**Work to be completed:** Reproduce every line below exactly as written; do not include the images.

(Stored items from a collection)
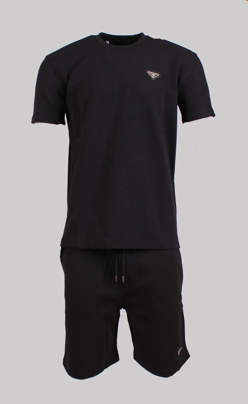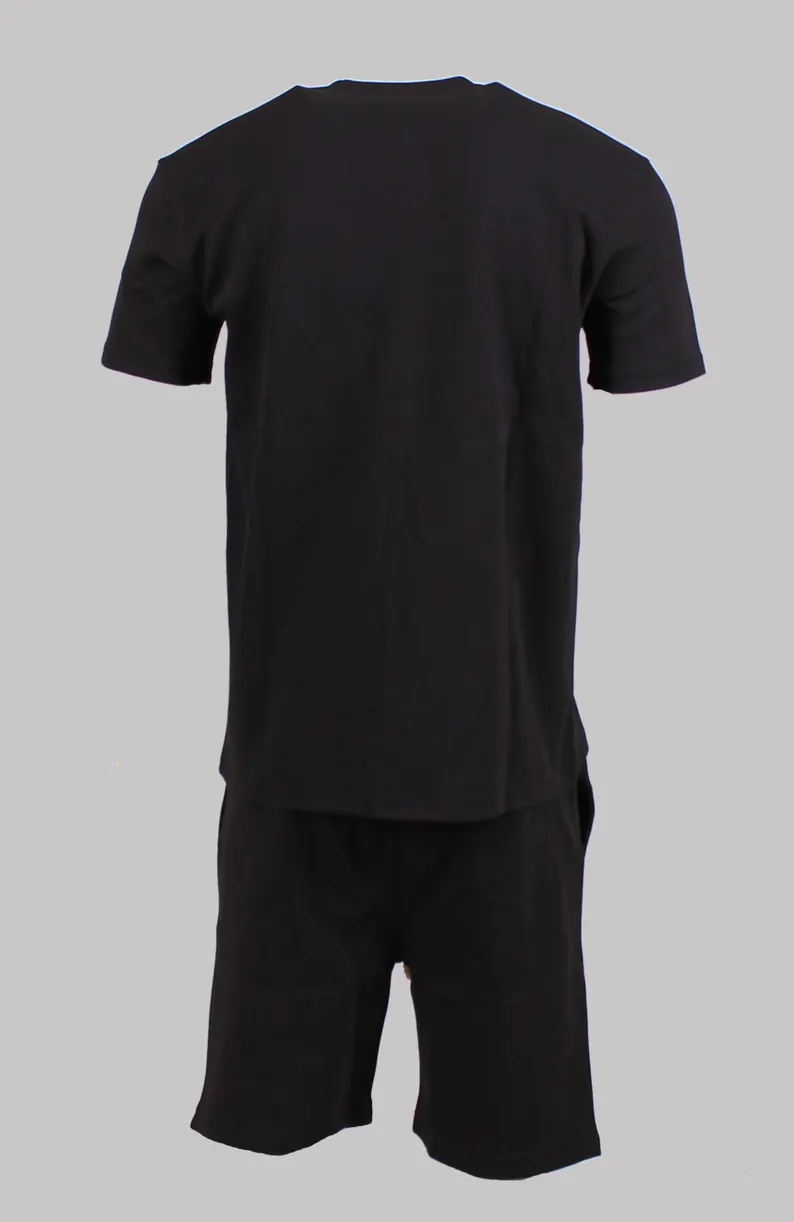 Vintage Men Sport Set Cotton t-shirt + shorts with Logo in Black Tracksuit
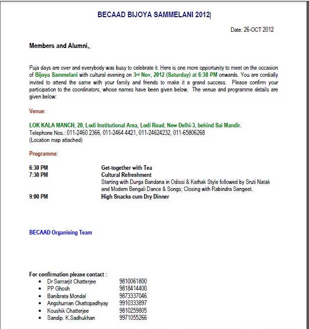 BECAAD is pleased to announce a get-together with cultural evening on 03 Nov 2012, Saturday to hold Bijoya Sammelani 2012 at Bipin Chandra Pal Auditorium, Chittaranjan Park.
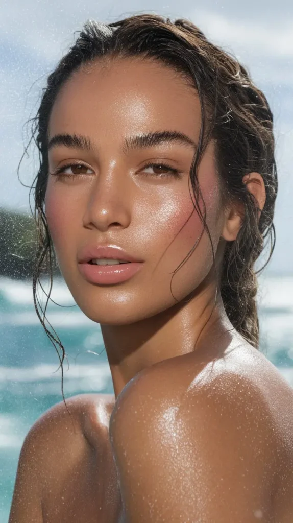 A radiant, sun-kissed complexion is the ultimate beach beauty goal. Opt for a lightweight, tinted moisturizer or BB cream with SPF to even out your skin while protecting it from UV rays. A touch of bronzer on the high points of the face, like the forehead, cheekbones, and nose, will create a natural, sunlit effect. To enhance the glow, a dewy highlighter on the cheekbones and collarbones adds the perfect luminous touch.
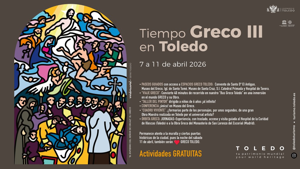 La actividad siempre se desarrolla en torno a la fecha del fallecimiento del artista, el 7 de abril de 1614 en Toledo “la única ciudad donde se pueden ver los Grecos en el lugar para el que fueron pintados”, y en ese sentido, ‘Tiempo Greco’ acoge una programación que busca acercar la obra del pintor tanto a visitantes como a toledanos, “ponemos en valor que Toledo es la ciudad del Greco, reforzando nuestra marca cultural en un lugar donde ninguna otra ciudad puede estar”, ha subrayado Velasco, destacando la relevancia internacional del artista.
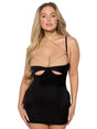 The back is equally captivating: an open back with bold cutouts highlights the finesse of the coordinating sheer mesh thong, revealing just enough to spark the imagination. Delicately integrated adjustable chains add a touch of sparkle and allow you to adjust the fit for a flawless fit.
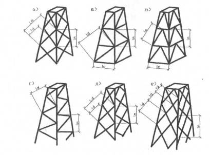 Рисунок 7.3 - Сечения сквозных стержней Зависимость для промежуточных значений k и λ, величина β определяется при помощи линейной интерполяции. Таблица 7.5
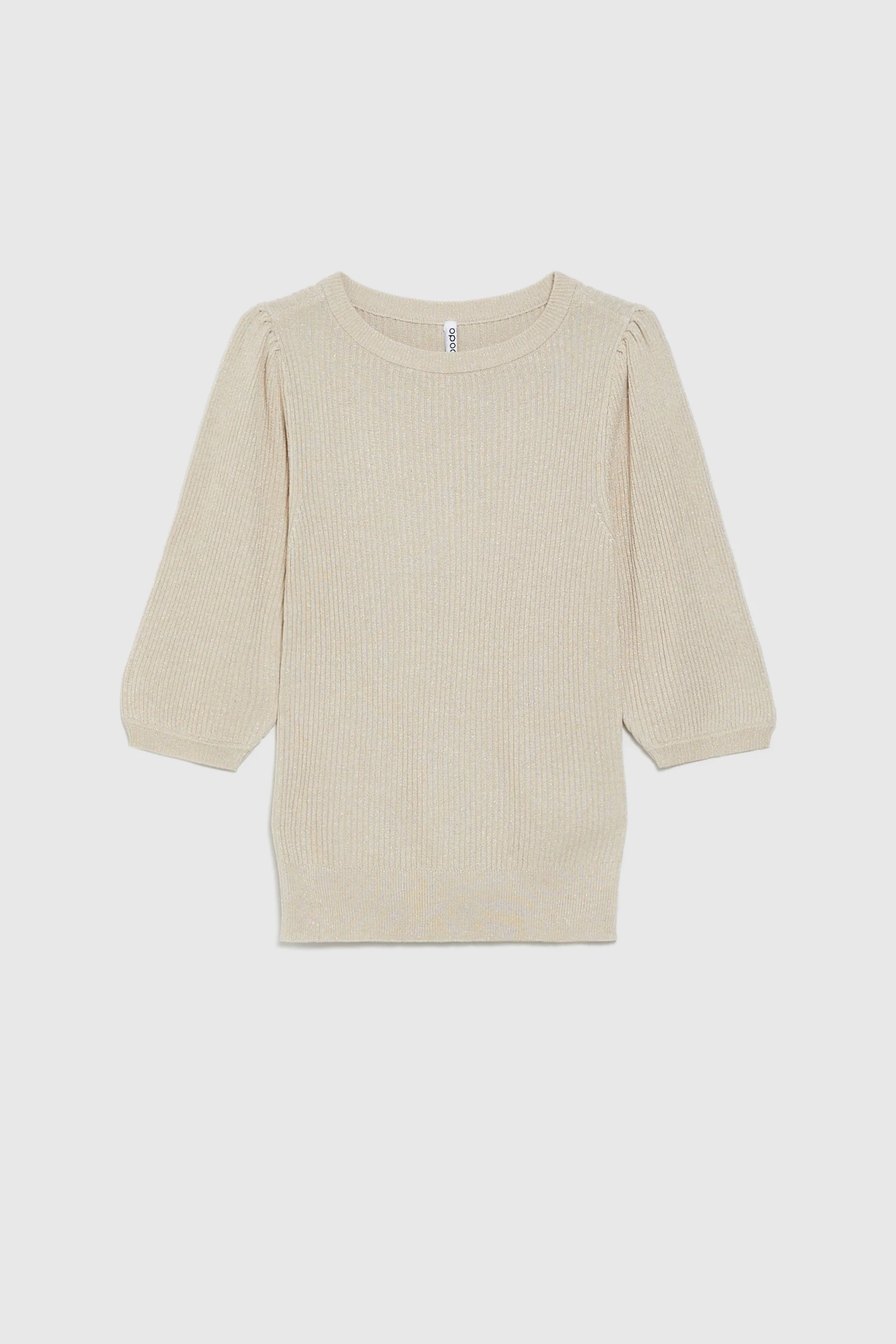 Prążkowany sweter z bufiastymi rękawami beżowy
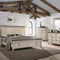 Sawyer Antique White/Brown Panel Bedroom Set(Queen and King Bed Frame$1,099Round Rock, TX

**Task result:**
 Vintage Men Sport Set Cotton t-shirt + shorts with Logo in Black Tracksuit
 BECAAD is pleased to announce a get-together with cultural evening on 03 Nov 2012, Saturday to hold Bijoya Sammelani 2012 at Bipin Chandra Pal Auditorium, Chittaranjan Park.
 A radiant, sun-kissed complexion is the ultimate beach beauty goal. Opt for a lightweight, tinted moisturizer or BB cream with SPF to even out your skin while protecting it from UV rays. A touch of bronzer on the high points of the face, like the forehead, cheekbones, and nose, will create a natural, sunlit effect. To enhance the glow, a dewy highlighter on the cheekbones and collarbones adds the perfect luminous touch.
 La actividad siempre se desarrolla en torno a la fecha del fallecimiento del artista, el 7 de abril de 1614 en Toledo “la única ciudad donde se pueden ver los Grecos en el lugar para el que fueron pintados”, y en ese sentido, ‘Tiempo Greco’ acoge una programación que busca acercar la obra del pintor tanto a visitantes como a toledanos, “ponemos en valor que Toledo es la ciudad del Greco, reforzando nuestra marca cultural en un lugar donde ninguna otra ciudad puede estar”, ha subrayado Velasco, destacando la relevancia internacional del artista.
 The back is equally captivating: an open back with bold cutouts highlights the finesse of the coordinating sheer mesh thong, revealing just enough to spark the imagination. Delicately integrated adjustable chains add a touch of sparkle and allow you to adjust the fit for a flawless fit.
 Рисунок 7.3 - Сечения сквозных стержней Зависимость для промежуточных значений k и λ, величина β определяется при помощи линейной интерполяции. Таблица 7.5
 Prążkowany sweter z bufiastymi rękawami beżowy
 Sawyer Antique White/Brown Panel Bedroom Set(Queen and King Bed Frame$1,099Round Rock, TX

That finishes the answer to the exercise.